Stop after the line holding "Pattern Breakout |". Repeat exactly every line before it in the records below, that line too, and leave out the pictures.

Raw data:
# # #

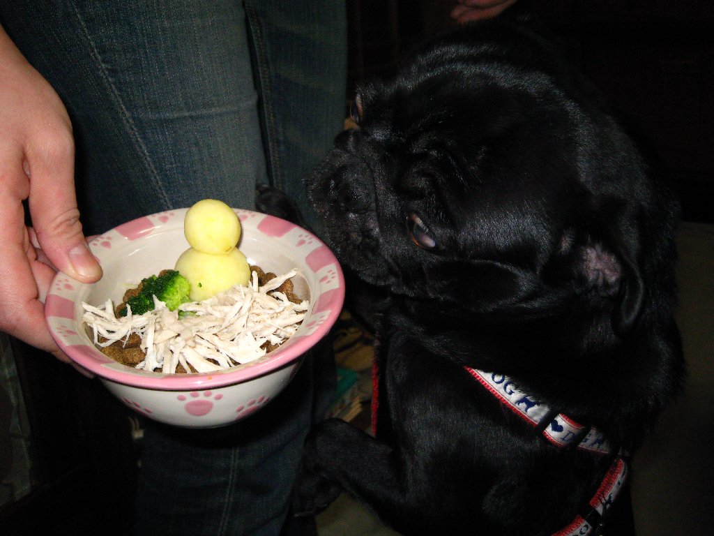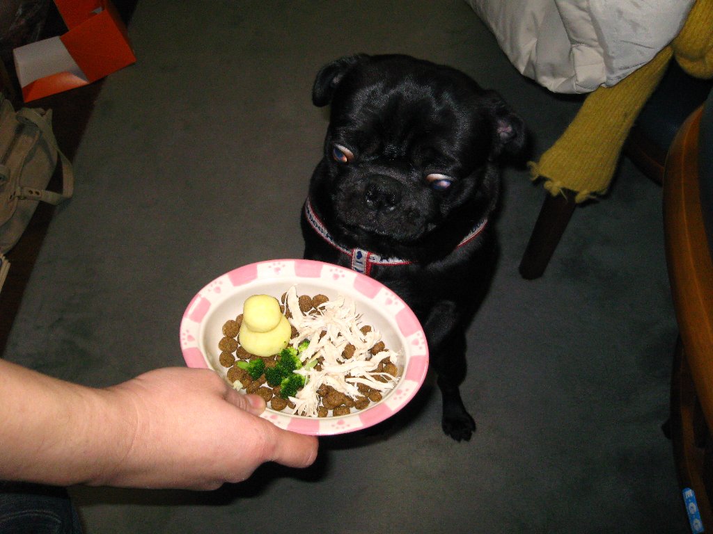 いつものフードに鳥のささ身・ブロッコリー・ジャガイモで作った雪だるまをのせてみました♪
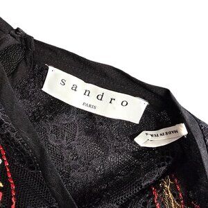 Sandro Paris Womens Lace Sheer Embroidered Long Sleeve Blouse, Open Back, 1/US S
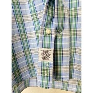 Peter Millar Men's Size Medium Blue Green Plaid Long Sleeve Button-Down Shirt. In good, pre-owned condition.
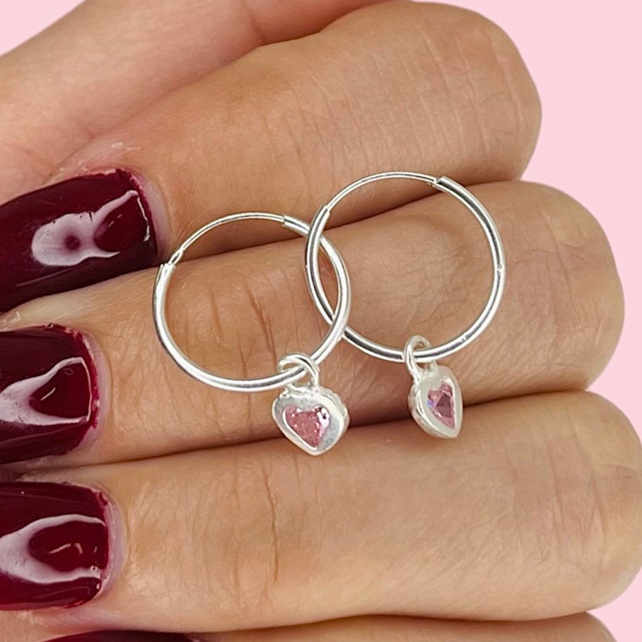 Aros Cubano 15mm con cubic Corazon rosa de plata 925
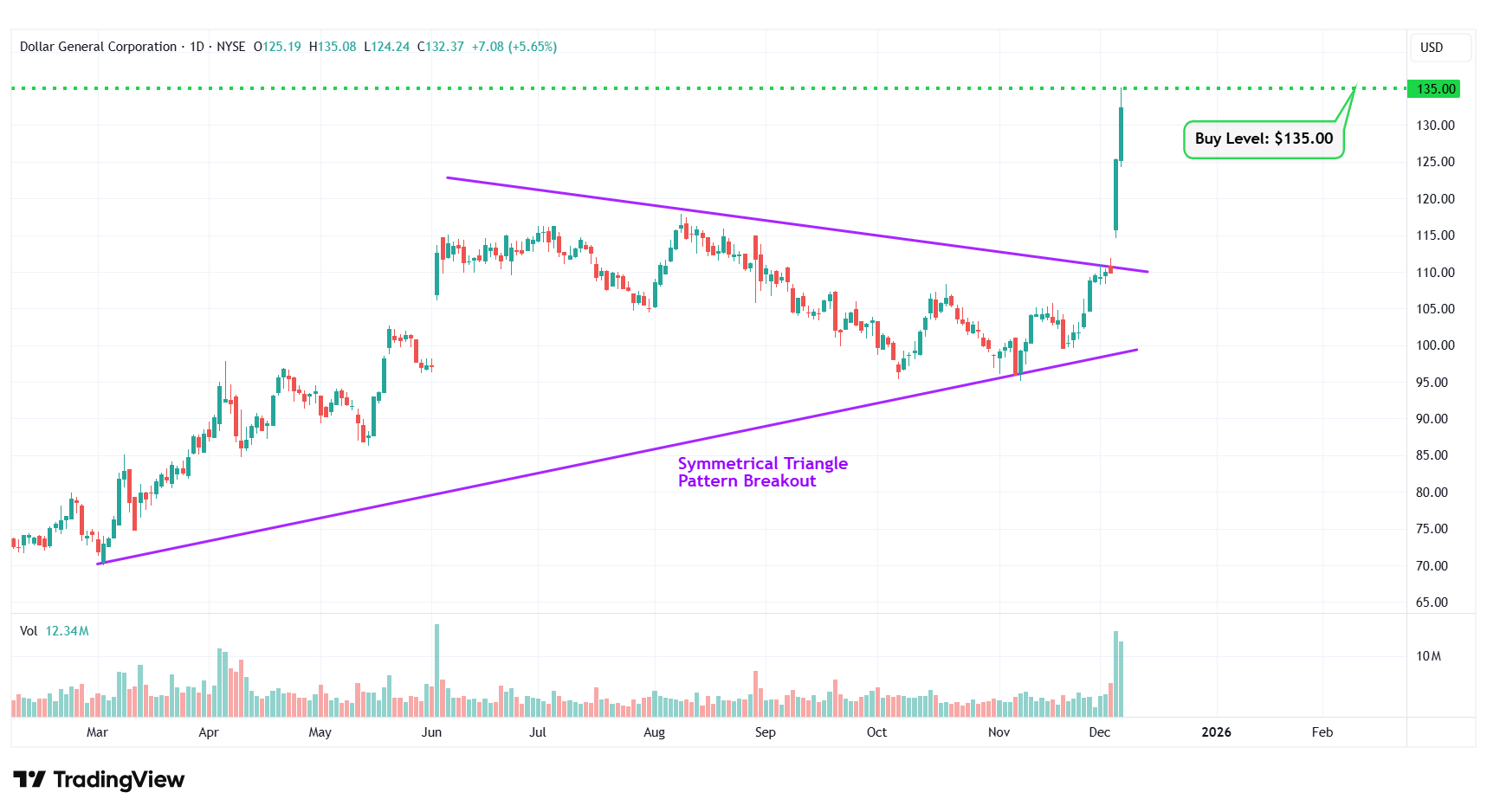 | 8 | Dollar General Corp. | NYSE: DG | $132.37 | $135.00 | Symmetrical Triangle Pattern Breakout |
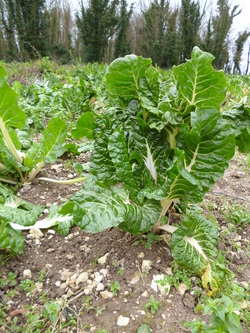 This is my (slightly altered, using what was available on the farm in March)) version of 'Herb Pie' from the book 'Jerusalem' by Yotam Ottolenghi and Sami Tamimi. It makes 6-8 good size portions, so you could halve the recipe.I used500g chard, stems and leaves finely shredded but kept seperate50g rocket30g flat parsley30g wild garlic10g fennel leaf1 large onion, cut up finely100g mature cheddar, grated175g goats cheese2 medium eggs, beaten250g filo pastryolive oilSaute the onion in oil for 5-10 mins, add the chard stems and cook for another 4-5 mins. Add the chard leaves, turn up the heat, and stir as they cook for a few mins. Finally add the (chopped) green herbs and cook for another 2 mins.Transfer this mixture to a colander so any excess liquid can drain away. Once this mixture is cool add the cheese, eggs and season with salt and pepper. This is the filling.Lay out five sheets of filo on a pie dish (the one I used is about 30 x 20cm) brushing each layer with olive oil, fill with the chard/herb/cheese/egg mix and top with another 5 layers of filo, again brushing with olive oil.Bake at 200 C / Gas 6 for about 40 mins, and leave to cool slightly before serving, also delicious cold.The recipe in Jerusalem also contained celery, spring onion, mint and dill, which weren't available on the farm when I made it (in March), which is why I substituted the wild garlic, and a small bit of fennel that was just pushing through in my garden. And I used a goats cheese instead of the ricotta and feta in the original recipe.Anyway, it was absolutely delicious and should sway even a reluctant chard eater!I don't have a photo, you'll have to look in the book for that, and there are several other chard recipes in there that I look forwardwill be trying too.

# # #

Written reply:
 いつものフードに鳥のささ身・ブロッコリー・ジャガイモで作った雪だるまをのせてみました♪
 Sandro Paris Womens Lace Sheer Embroidered Long Sleeve Blouse, Open Back, 1/US S
 Peter Millar Men's Size Medium Blue Green Plaid Long Sleeve Button-Down Shirt. In good, pre-owned condition.
 Aros Cubano 15mm con cubic Corazon rosa de plata 925
 | 8 | Dollar General Corp. | NYSE: DG | $132.37 | $135.00 | Symmetrical Triangle Pattern Breakout |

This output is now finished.